# INCI names



## HomemadeBathGoodies (Sep 16, 2011)

I have a question about listing the coloring agents. 

I use wilton's icing colorants for bath bombs, and salts and was wondering how to list them as INCI names. 

I need to send the list to health canada.

do I also have to list how much percentage of the color I used in my product, or do I just list that I am using a colorant?
ex: baking soda 80%
      citric acid   40%
      colorant     ??????


I read somewhere that I cannot just list fragrance. It has to be parfum/fragrance. 

What if i essential oils.  

Can I list fragrance/essential oils ?


----------



## Lindy (Sep 18, 2011)

Wilton colouring - can't help you - I don't know the INCI for them.

You do have to list the range of percentage on your form.  I would recommend that you download it and take a look at the guide to completion as well.

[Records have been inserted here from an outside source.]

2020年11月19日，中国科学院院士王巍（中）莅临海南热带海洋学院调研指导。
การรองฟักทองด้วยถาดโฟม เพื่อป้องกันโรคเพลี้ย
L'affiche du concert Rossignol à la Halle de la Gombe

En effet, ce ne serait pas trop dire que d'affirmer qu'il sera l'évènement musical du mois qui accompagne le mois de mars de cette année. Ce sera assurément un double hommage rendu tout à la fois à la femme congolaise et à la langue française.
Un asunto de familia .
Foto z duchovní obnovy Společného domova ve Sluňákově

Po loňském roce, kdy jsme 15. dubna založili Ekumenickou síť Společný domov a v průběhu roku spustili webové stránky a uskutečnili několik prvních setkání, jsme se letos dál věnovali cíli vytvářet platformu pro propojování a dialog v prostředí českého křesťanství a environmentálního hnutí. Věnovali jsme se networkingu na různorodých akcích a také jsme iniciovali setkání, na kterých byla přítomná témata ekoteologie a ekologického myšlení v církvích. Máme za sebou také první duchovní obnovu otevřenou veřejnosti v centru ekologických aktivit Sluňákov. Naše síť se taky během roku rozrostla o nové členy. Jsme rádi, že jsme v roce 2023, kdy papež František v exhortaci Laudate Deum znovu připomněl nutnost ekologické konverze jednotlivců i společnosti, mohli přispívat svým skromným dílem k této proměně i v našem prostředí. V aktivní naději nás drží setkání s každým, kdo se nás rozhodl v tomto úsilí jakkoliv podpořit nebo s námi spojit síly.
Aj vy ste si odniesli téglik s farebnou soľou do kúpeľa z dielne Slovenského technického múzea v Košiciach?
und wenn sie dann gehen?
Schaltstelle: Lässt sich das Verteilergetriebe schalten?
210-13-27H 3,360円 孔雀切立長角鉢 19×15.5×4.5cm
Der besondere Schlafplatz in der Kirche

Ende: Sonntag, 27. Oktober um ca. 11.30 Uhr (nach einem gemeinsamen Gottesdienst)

Fragrance is listed as Parfum but essential oils must be listed independently by their INCI name and again in the percentage range used. 

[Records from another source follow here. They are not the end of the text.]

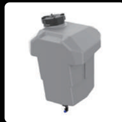
약제통 20L *1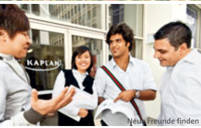
Neue Freunde finden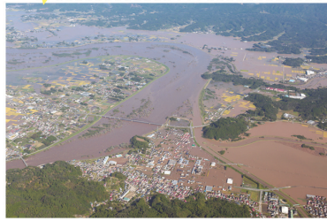
令和元年東日本台風で中小河川(内川・新川)が決壊し、浸水するようす

注意! 中小河川は水位が短時間で急激に上昇する場合がありますので、危険な時は早めの避難を!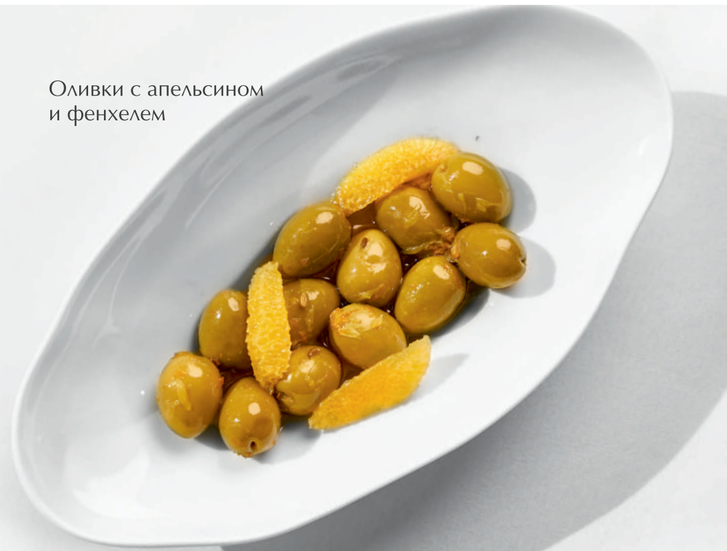
Оливки с апельсином и фенхелем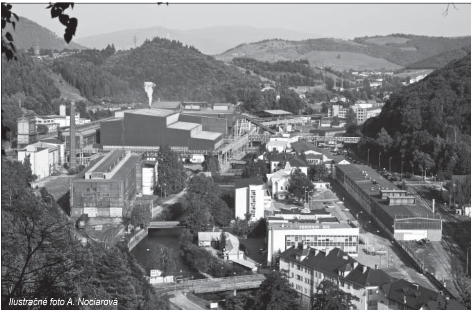
Ilustračné foto A. Nociarová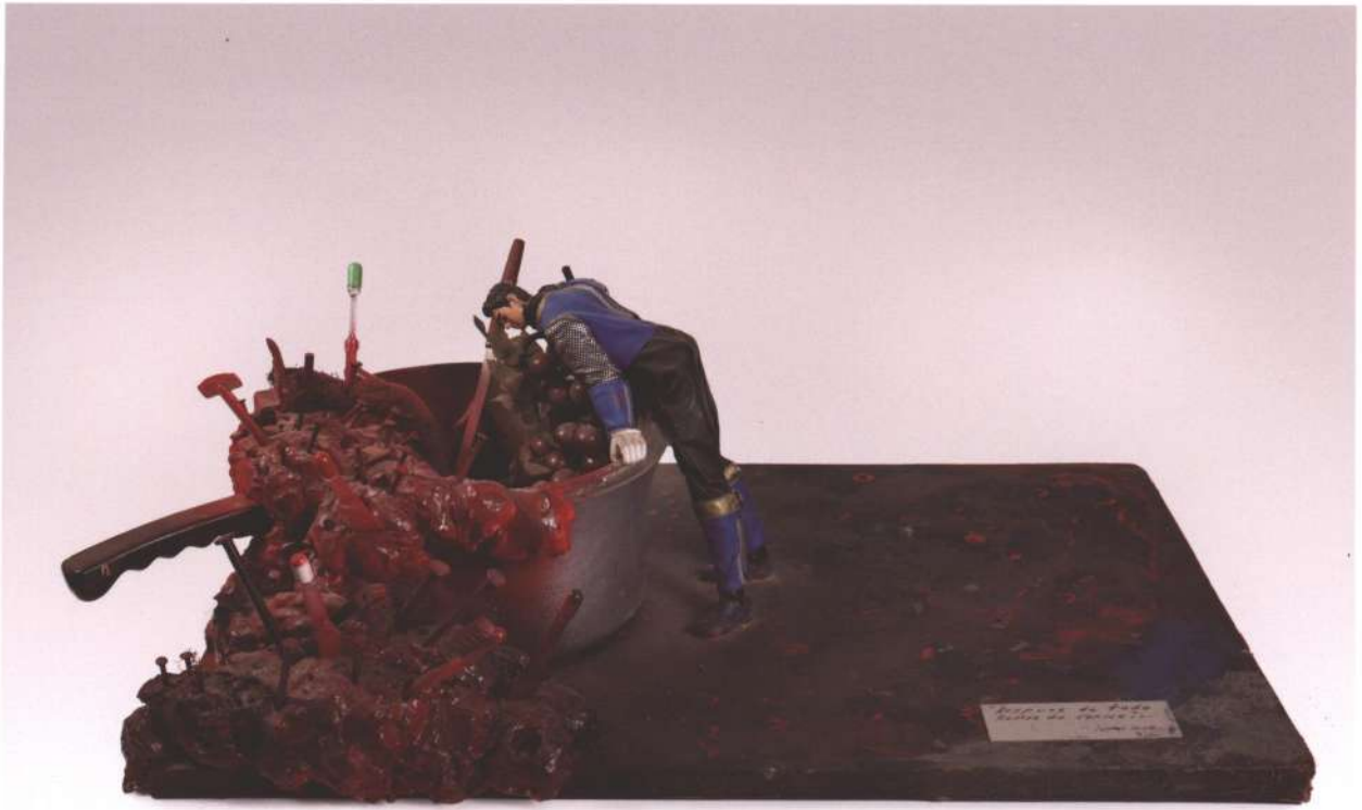
Removiendo cabezas , materiales diversos, 2011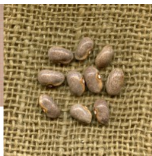
Acc. 152 - 7 Semi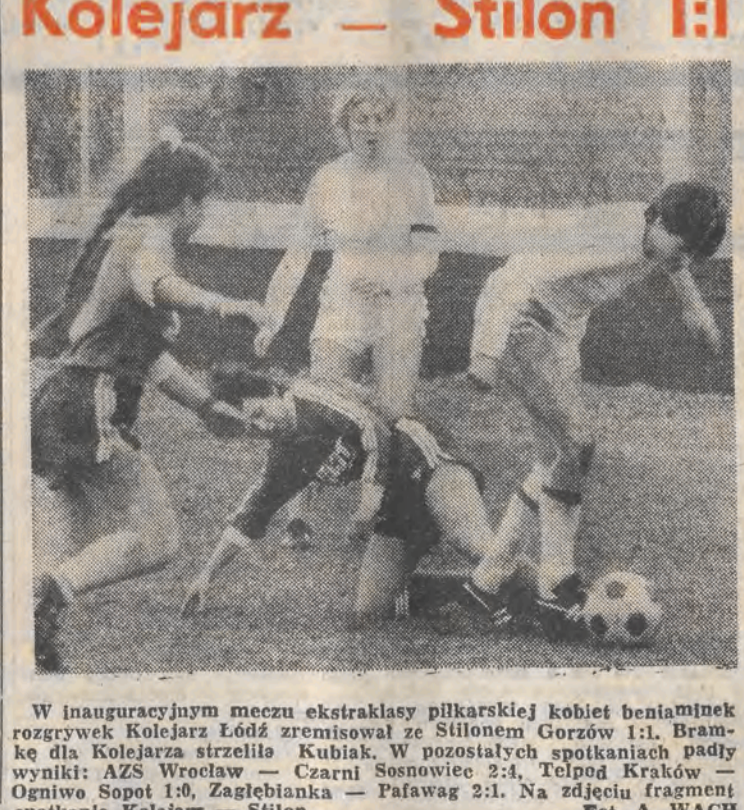
W inauguracyjnym meczu ekstraklasy piłkarskiej kobiet beniaminek rozgrywek Kolejarz Łódź zremisował z Stilonem Gorzów 1:1.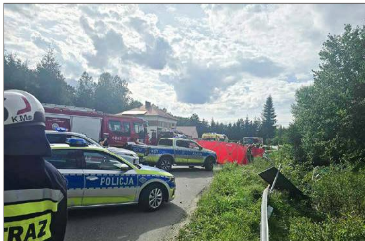
Samochód wypadł z drogi i wpadł do potoku.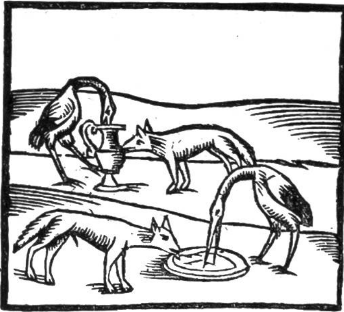
„Ein Fuchß der bat ein Storch zu dem Nachtmal.“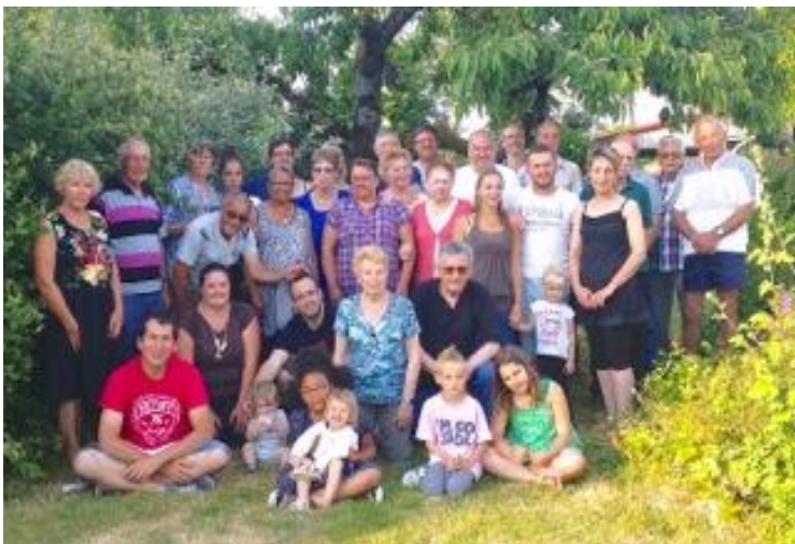
Fête des voisins Hameau Grange Bertin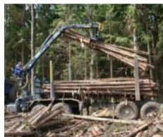
Манипуляторы для леса и лома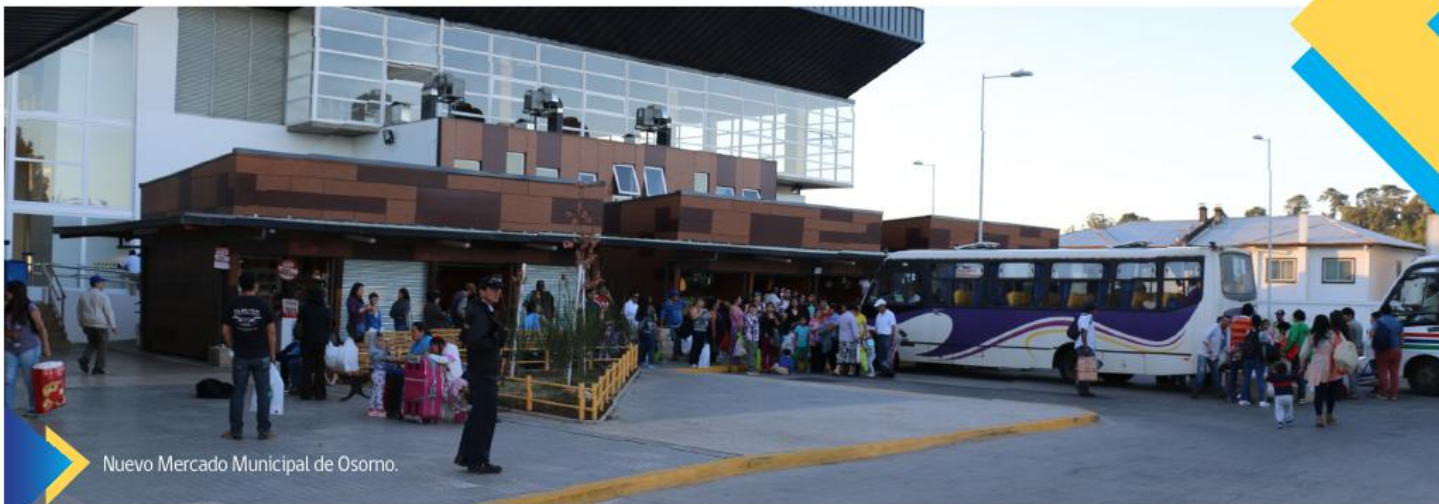
Nuevo Mercado Municipal de Osorno.

The problem with Wilton Colouring is I'm not sure it's approved for cosmetics so someone more knowledgeable than me answer that portion of your question.  I do know you can't list it just as a "colourant" because they will come back to you and ask which colourant you are using.  I use water soluble colours so bath bombs and such.

HTH


----------



## Tabitha (Sep 18, 2011)

What country are you in? Each has diferent rules & I am only familiar w/ the US.


----------



## AmyW (Sep 18, 2011)

She's in Canada.

I don't think Wiltons will be approved for use in bath/body products in Canada - there's no INCI because it's food.


----------



## Lindy (Sep 18, 2011)

All you can do is submit it and see what they say.  List it by the proper name of it and see if they will accept it.


----------



## Tabitha (Sep 19, 2011)

I have a box in my pantry, this is what it says.

INGREDIENTS: water, corn syrup, glycerine, high fructose corn syrup, sorbitol, food starch-modified (corn), FD&C yellow #5, FD&C red #3, FD&C yellow #6, FD&C red # 40, carrageenan, agar gum, sodium benzoate andpotasium sorbete (preseravte), salt, citric acid, FD&C blue #2


----------



## Tabitha (Sep 19, 2011)

You will have to do some research to translate the ingedients into their proper INCI, you can start here: http://www.essentialwholesale.com/Learn ... Organic_10


----------